Ford rethinks EV strategy again—ditching 3-row SUVs, adding vans
Enlarge / Ford hoped to build 600,000 EVs a year by now, a mix of Mustang Mach-E crossovers, E-Transit vans, and F-150 Lightning pickups. This year, sales are up 71 percent so far; by the end of June, Ford had sold almost 45,000 EVs. (credit: Ford)
Ford has scrapped plans to build some big three-row electric SUVs and is revising its North American electrification roadmap, the company announced this morning. The automaker, which comes in at a distant second to Tesla in the US electric vehicle sales charts, says the focus will now be on cheaper, more efficient EVs, including some new commercial vehicles. Those big SUVs will still show up at some time, but they'll be hybrids, not fully electric.
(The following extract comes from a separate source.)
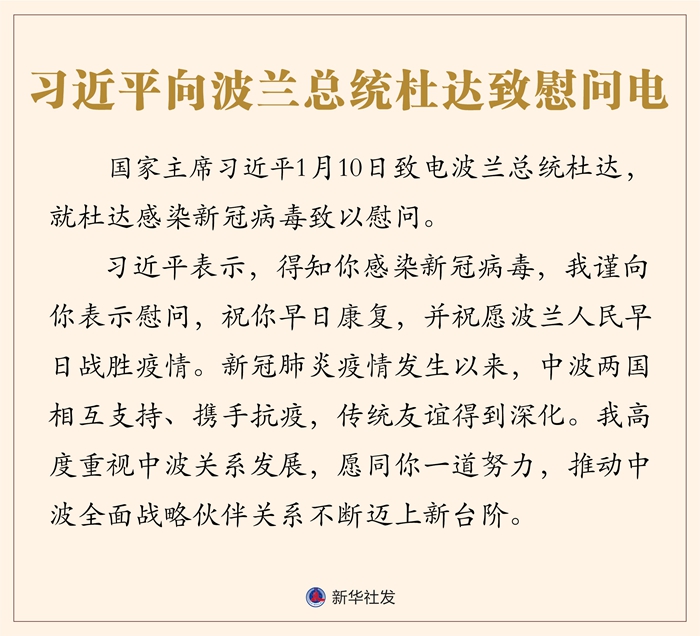习近平表示,得知你感染新冠病毒,我谨向你表示慰问,祝你早日康复,并祝愿波兰人民早日战胜疫情。新冠肺炎疫情发生以来,中波两国相互支持、携手抗疫,传统友谊得到深化。我高度重视中波关系发展,愿同你一道努力,推动中波全面战略伙伴关系不断迈上新台阶。

Ford has never been afraid to tear up an existing plan, particularly when it comes to EVs. The Mustang Mach-E was supposed to be a much more boring compliance car until an internal skunkworks called Team Edison came up with the idea of a crossover that could only be a Ford in 2017.
But it also had big ambitions for its EVs. It created a new division, called "Model e," to be responsible for EVs and announced it had locked up supplies for 600,000 EV batteries a year from 2023. In addition to the midsize Mach-E crossover, it created a fully electric version of its best-selling F-150 pickup truck and an electric E-Transit van.